Disjoint Subtypes in PHP

The pattern of disjoint subtypes has been helping me throughout my PHP career. I started using it back in 2003 [when I was building a web portal] for our schools "computer club" (http://web.archive.org/web/20030204095702/http://team.void.lv/). However, I later used the approach with commercial projects.

I'd like to tell you more about Disjoint Subtypes approach, what are the benefits of the approach and how it can be implemented and used efficiently in modern PHP.

Team Portal (2003)

teamportal

My goal with this project was to create a website where various users could authenticate, create objects from a pre-defined types then link them to the objects that other users have created. Above you could see the objects of the following types:

  • Article
  • Group
  • User

1. Database Schema and Object Inheritance

All of the objects, regardless of their type, have been stored in the table "object". The table fields represented only the properties that are common for all the objects. For my example I have used (id, type, owner_id, name).
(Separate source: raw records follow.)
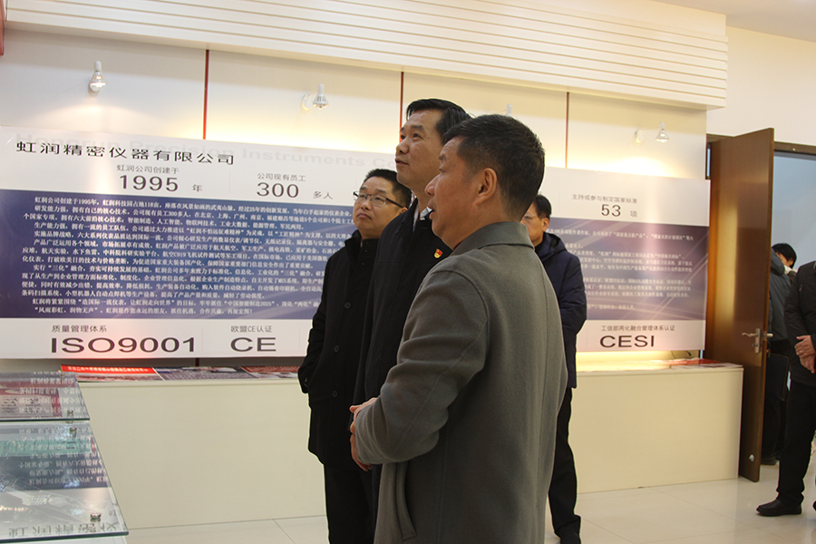 2020年12月15日,南平市袁超洪市长一行在顺昌县委书记邱建斌等人陪同下莅临虹润公司考察调研。虹润公司董事长林善平热情接待。袁市长一行在林善平董事长陪同下参观了虹润公司文化展厅和产品科技展厅,林善平董事长向袁市长详细汇报了公司的创业历程和有关转型升级、技术研发、智能制造、市场销售等具体情况。袁市长认真听取了汇报,当他听到虹润公司在疫情过后整体营商环境低迷的情况下,着力在电商营销领域发力,整体销售不降反增,同比增长20%,同时在已有六大系列仪表基础上又新推水质分析仪、电能质量分析仪、温湿度记录仪、可编程继电器等四大系列产品时,高兴的说虹润公司还要进一步创新,开拓更多的仪器仪表科技领域,进一步扩大市场。
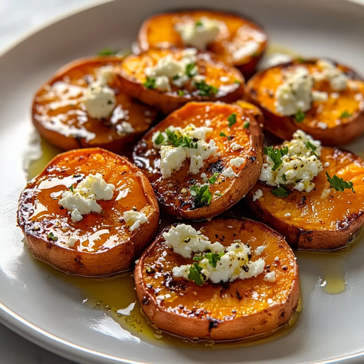 Sweet and Savory Roasted Sweet Potato Rounds with Honey & Feta
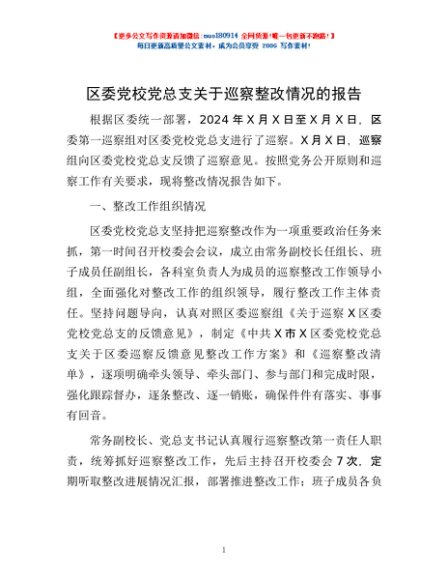/ 区委党校党总支关于巡察整改情况的报告

There were additional tables that would be joined with object in order to supply additional fields. The "User" object requires a "password" field and "Article" object require "body" text field.
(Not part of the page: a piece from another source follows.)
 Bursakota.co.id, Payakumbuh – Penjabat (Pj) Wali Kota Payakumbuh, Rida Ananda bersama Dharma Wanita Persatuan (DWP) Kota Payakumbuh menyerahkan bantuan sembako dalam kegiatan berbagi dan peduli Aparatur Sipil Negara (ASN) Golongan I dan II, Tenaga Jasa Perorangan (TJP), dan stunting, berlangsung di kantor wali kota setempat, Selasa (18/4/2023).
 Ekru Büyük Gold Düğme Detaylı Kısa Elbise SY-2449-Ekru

A simpler option is to cram all the fields into the "object" but this results in clutter and overhead. So, instead the following structure is used:

schema1

It's important to note that only object with type="article" would have a corresponding record in the "article" table.

2. Relations

Although sometimes traditional "relations" are used (for instance, each object has "user_id" that contains ID of the User object), unification of all the objects allows us to link any two objects with a "generic" relation.

schema2

This gives us a very powerful ability to create a new relationship between any two objects without altering the database structure:

object-schema

(Note: Today a similar approach is used in Graph databases)

And here is full DDL script to create database structure as above:

CREATE TABLE `object` (
  `id` INT UNSIGNED NOT NULL AUTO_INCREMENT,
  `type` VARCHAR(255) NULL,
  `name` VARCHAR(255) NULL,
  `owner_id` INT UNSIGNED NOT NULL,
  PRIMARY KEY (`id`),
  INDEX `fk_object_object_idx` (`owner_id` ASC),
  CONSTRAINT `fk_object_object`
    FOREIGN KEY (`owner_id`)
    REFERENCES `object` (`id`)
    ON DELETE NO ACTION
    ON UPDATE NO ACTION)
ENGINE = InnoDB;

CREATE TABLE `article` (
  `id` INT UNSIGNED NOT NULL AUTO_INCREMENT,
  `object_id` INT UNSIGNED NOT NULL,
  `body` TEXT NULL,
  PRIMARY KEY (`id`),
  INDEX `fk_article_object1_idx` (`object_id` ASC),
  CONSTRAINT `fk_article_object1`
    FOREIGN KEY (`object_id`)
    REFERENCES `object` (`id`)
    ON DELETE CASCADE
    ON UPDATE CASCADE)
ENGINE = InnoDB;

CREATE TABLE `user` (
  `id` INT UNSIGNED NOT NULL AUTO_INCREMENT,
  `object_id` INT UNSIGNED NOT NULL,
  `password` VARCHAR(255) NULL,
  PRIMARY KEY (`id`),
  INDEX `fk_user_object1_idx` (`object_id` ASC),
  CONSTRAINT `fk_user_object1`
    FOREIGN KEY (`object_id`)
    REFERENCES `object` (`id`)
    ON DELETE CASCADE
    ON UPDATE CASCADE)
ENGINE = InnoDB;

CREATE TABLE `relation` (
  `id` INT UNSIGNED NOT NULL AUTO_INCREMENT,
  `parent_id` INT UNSIGNED NOT NULL,
  `child_id` INT UNSIGNED NOT NULL,
  `type` VARCHAR(255) NULL,
  PRIMARY KEY (`id`),
  INDEX `fk_relation_object1_idx` (`parent_id` ASC),
  INDEX `fk_relation_object2_idx` (`child_id` ASC),
  CONSTRAINT `fk_relation_object1`
    FOREIGN KEY (`parent_id`)
    REFERENCES `object` (`id`)
    ON DELETE CASCADE
    ON UPDATE CASCADE,
  CONSTRAINT `fk_relation_object2`
    FOREIGN KEY (`child_id`)
    REFERENCES `object` (`id`)
    ON DELETE CASCADE
    ON UPDATE CASCADE)
ENGINE = InnoDB;

3. Unified Object Handling

Now that we have a unified way to store objects, the portal interface has also been created in a unified manner. When ID is passed to a page, it will determine the type of object and display it accordingly. The relationships are organised and checked based on types.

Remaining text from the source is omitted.